*Material provided*:
=== Section Start ===

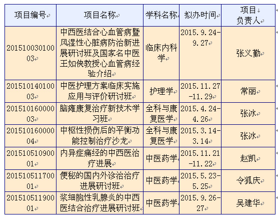 近日,徐州市卫生局发文:《关于公布2015年度徐州市继续医学教育项目的通知》,除本次公布的获批项目外,原则上不再受理临时性市级继教项目的申请。要求各单位加强对继续教育项目的管理,严格执行《关于加强我省继续教育学分管理工作的通知》(苏卫办科教[2014]9号)相关规定,不得随意更改项目编号、名称、内容和学时,市级继教项目学分授予,举办1天授予‖学分不超过3分,1.5天不超过5分。我院七个项目获得立项,分别是:
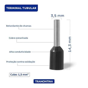 Desenvolvido com alta qualidade, os terminais de conexão tubulares Tramontina em cobre estanhado e nylon 1,5 mm x 8 preto 100 peças garantem conexões seguras e eficientes para seus projetos elétricos. Fabricados com cobre estanhado de alta condutividade e revestidos em nylon, oferecem resistência e durabilidade. Pacote com 100 peças.
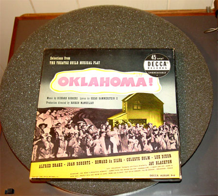 Boxed set of selections from the theater play "Oklahoma". Copyright 1949.
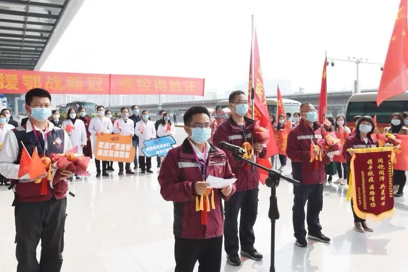 最后返回的6名队员 于2月23日出征 他们分别是 ↓↓↓ 自治区疾病预防控制中心陆皓泉、魏超、宫晨,防城港市疾病预防控制中心李锋华,梧州市疾病预防控制中心陆茂琪和玉林市疾病预防控制中心李英梅。
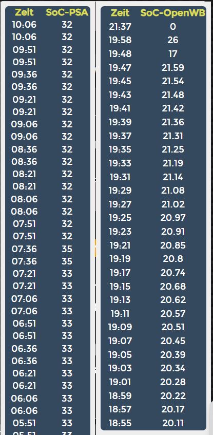 In einem ioBroker System wird der SoC über den PSA Adapter jedoch zuverlässig angezeigt.
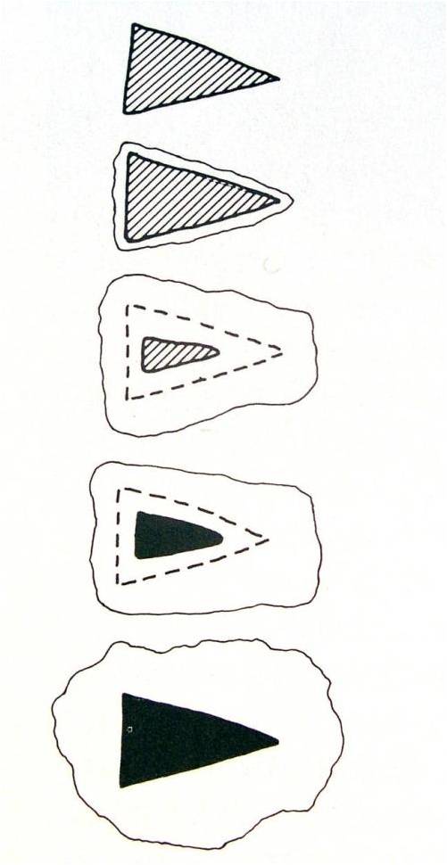 - Een tweede groep wordt deels gereinigd ter identificatie: de contouren op de röntgenfoto, samen met enkele goedgekozen gereinigde zones, geven genoeg informatie om een archeologisch volledig beeld (tekening) te krijgen.
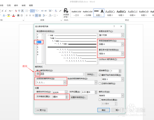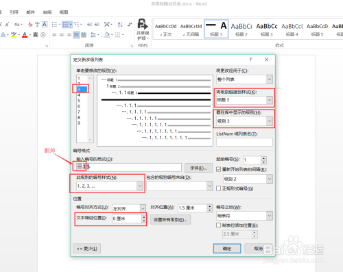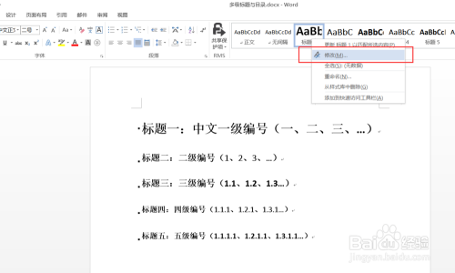 设置好各个题目的格局后,同一对其设置多级编号:
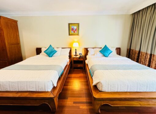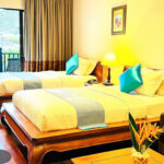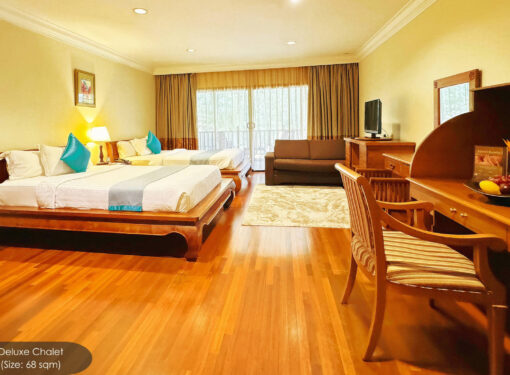 Indulge in our spacious, fully air-conditioned chalets, each with a private balcony offering stunning views of the garden, pool, or lake. With options for double queen beds, a single king bed, or twin single beds, these beautifully designed retreats provide a cozy atmosphere, perfect for small families seeking comfort and relaxation amidst natural beauty.
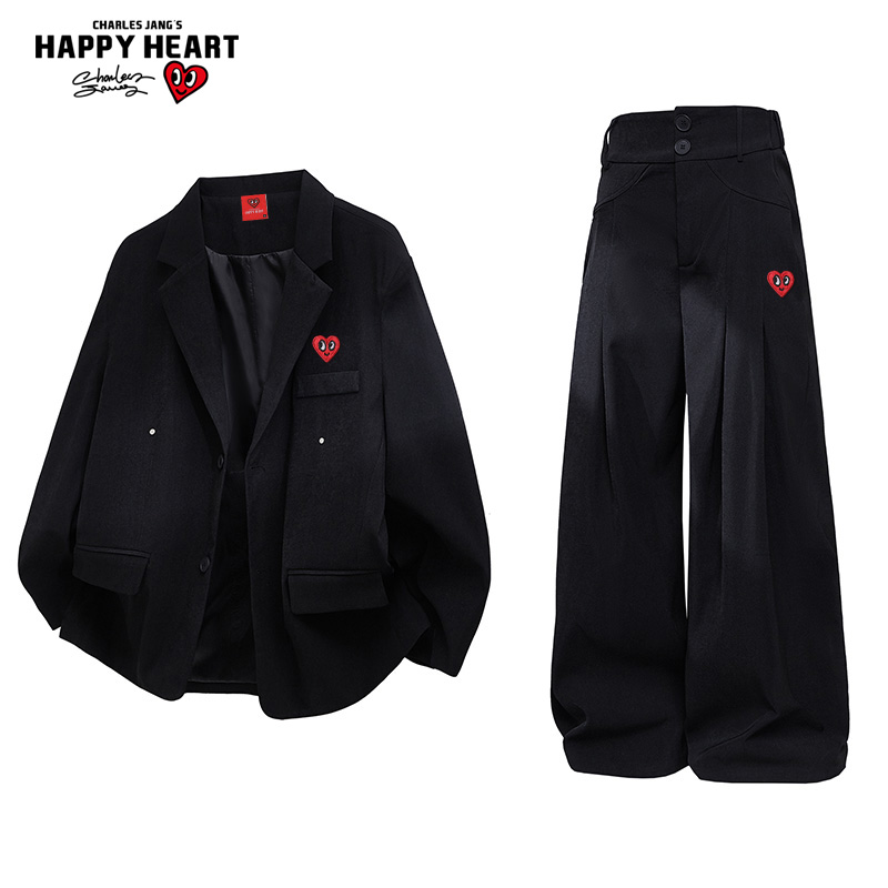 美式 学院风外套休闲直筒长裤 西装 男2025年春秋季 套装 查尔斯桃心
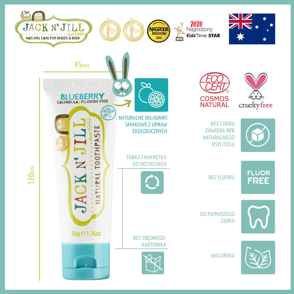 Jack N' Jill − Blueberry, naturalna pasta do zębów z xylitolem − 50 g
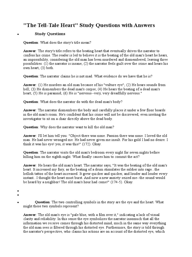 "The Tell-Tale Heart" Study Questions with Answers. Study Questions. Question: What does the story's title mean? Answer: The story's title refers to the ... Rating: 5 · 1 vote
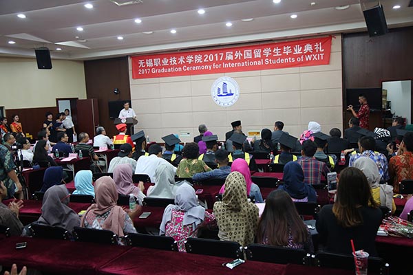 我校是无锡地区首个招收外国留学生的高职院校。8名毕业生全部来自印度尼西亚,他们经过三年在锡学习和生活,不仅掌握相关专业知识和技能,也被中国的文化深深吸引。毕业后,有6名学生已被南京信息工程大学、常州大学免试录取,继续攻读本科;1名学生将赴无锡一家中资企业的雅加达分公司工作;另有1名毕业生决定利用专业所学,回国创业。
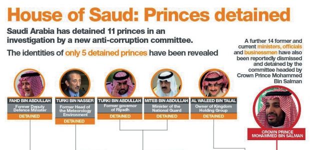 Görünür, kralın tezliklə istefa verəcəyinə dair xəbərlər əsassız deyil. Bu üzdən, Məhəmməd ibn Salmanın vəliəhd elan olunmasından dərhal sonra hakimiyyətin dinc yolla ötürülməsi proseduruna start verilib. Müxalifətçilərin ilk kütləvi həbsi sentyabrda baş verib. Həmin vaxt ölkənin məşhur din xadimləri, ilahiyyatçıları saxlanılıb. Kütləvi həbslər noyabrda da davam edib. Rəsmi açıqlamada bildirilir ki, korrupsiya və vəzifə səlahiyyətlərindən sui-istifadə halları ilə mübarizə çərçivəsində yüzlərlə insan həbs olunub. Onların arasında kral ailəsinin üzvləri, nazirlər və digər yüksək rütbəli məmurlar, nəhəng sahibkarlar və hərbçilər var. Saxlanılmış şəxslərin bank hesabları dondurulub.
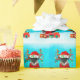 Att nauzer i snö njuter av julklappar med jultomten hatt och med christmas ljus är en perfekt gåva till någon som kärlek i hund aveln i
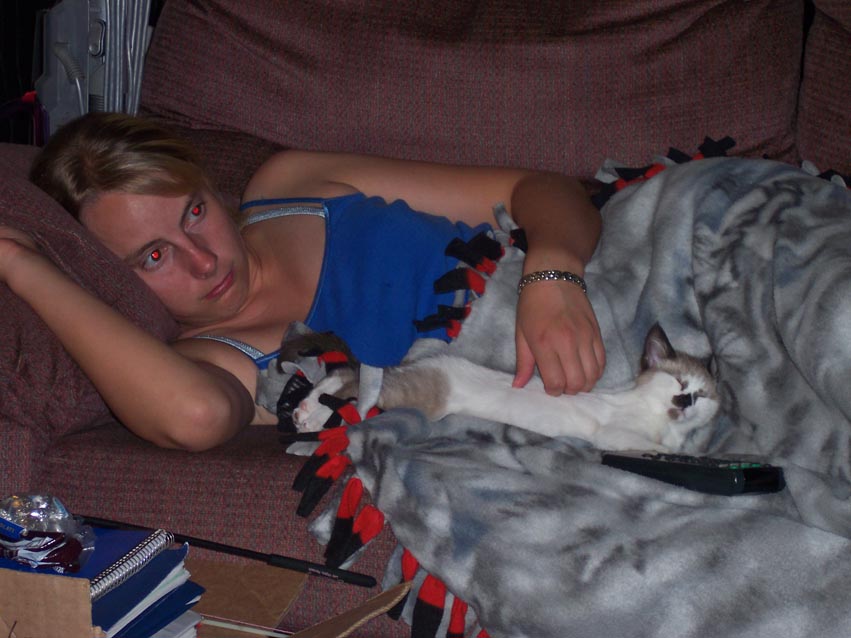 Mocha sleeping with Jess
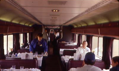 We made our way up the Salinas Valley and had dinner at the first seating, where I had an excellent beef tenderloin and more turtle cake for dessert. Afterwards, I went to the Pacific Parlour Car theater on the lower level and watched Michael Jackson and Diana Ross in "The Wiz", which I really liked then had a night cap of ginger ale, much different from my drinking days. Once back in the room, I made it up and Bruce was in the lower bunk and myself in the upper as we departed Oakland and proceeded into the California night.
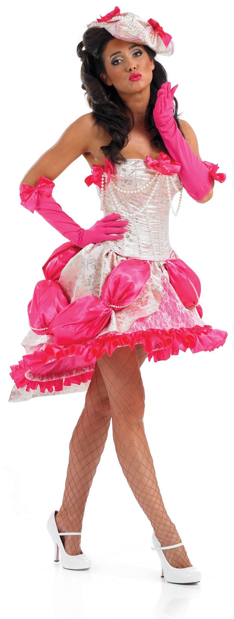 To complete this costume are the pink satin gloves and white hat again with pink bow detailing.
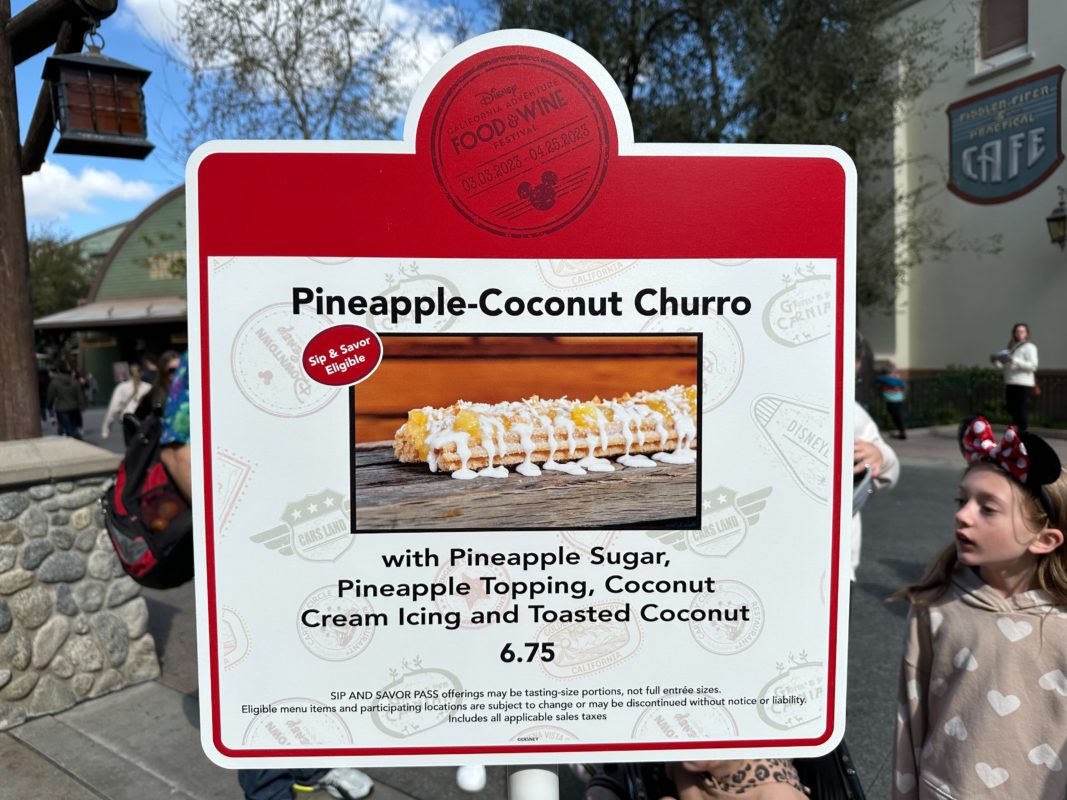 The 2023 Disney California Adventure Food & Wine Festival has three new churros available. At Willie’s Churros on Buena Vista Street, you can find the Pineapple-Coconut Churro. So naturally, we stopped by for a try!

=== Section End ===

*Your goal*:
Omit every picture while printing the data word for word.

*Exercise result*:
 近日,徐州市卫生局发文:《关于公布2015年度徐州市继续医学教育项目的通知》,除本次公布的获批项目外,原则上不再受理临时性市级继教项目的申请。要求各单位加强对继续教育项目的管理,严格执行《关于加强我省继续教育学分管理工作的通知》(苏卫办科教[2014]9号)相关规定,不得随意更改项目编号、名称、内容和学时,市级继教项目学分授予,举办1天授予‖学分不超过3分,1.5天不超过5分。我院七个项目获得立项,分别是:
 Desenvolvido com alta qualidade, os terminais de conexão tubulares Tramontina em cobre estanhado e nylon 1,5 mm x 8 preto 100 peças garantem conexões seguras e eficientes para seus projetos elétricos. Fabricados com cobre estanhado de alta condutividade e revestidos em nylon, oferecem resistência e durabilidade. Pacote com 100 peças.
 Boxed set of selections from the theater play "Oklahoma". Copyright 1949.
 最后返回的6名队员 于2月23日出征 他们分别是 ↓↓↓ 自治区疾病预防控制中心陆皓泉、魏超、宫晨,防城港市疾病预防控制中心李锋华,梧州市疾病预防控制中心陆茂琪和玉林市疾病预防控制中心李英梅。
 In einem ioBroker System wird der SoC über den PSA Adapter jedoch zuverlässig angezeigt.
 - Een tweede groep wordt deels gereinigd ter identificatie: de contouren op de röntgenfoto, samen met enkele goedgekozen gereinigde zones, geven genoeg informatie om een archeologisch volledig beeld (tekening) te krijgen.
 设置好各个题目的格局后,同一对其设置多级编号:
 Indulge in our spacious, fully air-conditioned chalets, each with a private balcony offering stunning views of the garden, pool, or lake. With options for double queen beds, a single king bed, or twin single beds, these beautifully designed retreats provide a cozy atmosphere, perfect for small families seeking comfort and relaxation amidst natural beauty.
 美式 学院风外套休闲直筒长裤 西装 男2025年春秋季 套装 查尔斯桃心
 Jack N' Jill − Blueberry, naturalna pasta do zębów z xylitolem − 50 g
 "The Tell-Tale Heart" Study Questions with Answers. Study Questions. Question: What does the story's title mean? Answer: The story's title refers to the ... Rating: 5 · 1 vote
 我校是无锡地区首个招收外国留学生的高职院校。8名毕业生全部来自印度尼西亚,他们经过三年在锡学习和生活,不仅掌握相关专业知识和技能,也被中国的文化深深吸引。毕业后,有6名学生已被南京信息工程大学、常州大学免试录取,继续攻读本科;1名学生将赴无锡一家中资企业的雅加达分公司工作;另有1名毕业生决定利用专业所学,回国创业。
 Görünür, kralın tezliklə istefa verəcəyinə dair xəbərlər əsassız deyil. Bu üzdən, Məhəmməd ibn Salmanın vəliəhd elan olunmasından dərhal sonra hakimiyyətin dinc yolla ötürülməsi proseduruna start verilib. Müxalifətçilərin ilk kütləvi həbsi sentyabrda baş verib. Həmin vaxt ölkənin məşhur din xadimləri, ilahiyyatçıları saxlanılıb. Kütləvi həbslər noyabrda da davam edib. Rəsmi açıqlamada bildirilir ki, korrupsiya və vəzifə səlahiyyətlərindən sui-istifadə halları ilə mübarizə çərçivəsində yüzlərlə insan həbs olunub. Onların arasında kral ailəsinin üzvləri, nazirlər və digər yüksək rütbəli məmurlar, nəhəng sahibkarlar və hərbçilər var. Saxlanılmış şəxslərin bank hesabları dondurulub.
 Att nauzer i snö njuter av julklappar med jultomten hatt och med christmas ljus är en perfekt gåva till någon som kärlek i hund aveln i
 Mocha sleeping with Jess
 We made our way up the Salinas Valley and had dinner at the first seating, where I had an excellent beef tenderloin and more turtle cake for dessert. Afterwards, I went to the Pacific Parlour Car theater on the lower level and watched Michael Jackson and Diana Ross in "The Wiz", which I really liked then had a night cap of ginger ale, much different from my drinking days. Once back in the room, I made it up and Bruce was in the lower bunk and myself in the upper as we departed Oakland and proceeded into the California night.
 To complete this costume are the pink satin gloves and white hat again with pink bow detailing.
 The 2023 Disney California Adventure Food & Wine Festival has three new churros available. At Willie’s Churros on Buena Vista Street, you can find the Pineapple-Coconut Churro. So naturally, we stopped by for a try!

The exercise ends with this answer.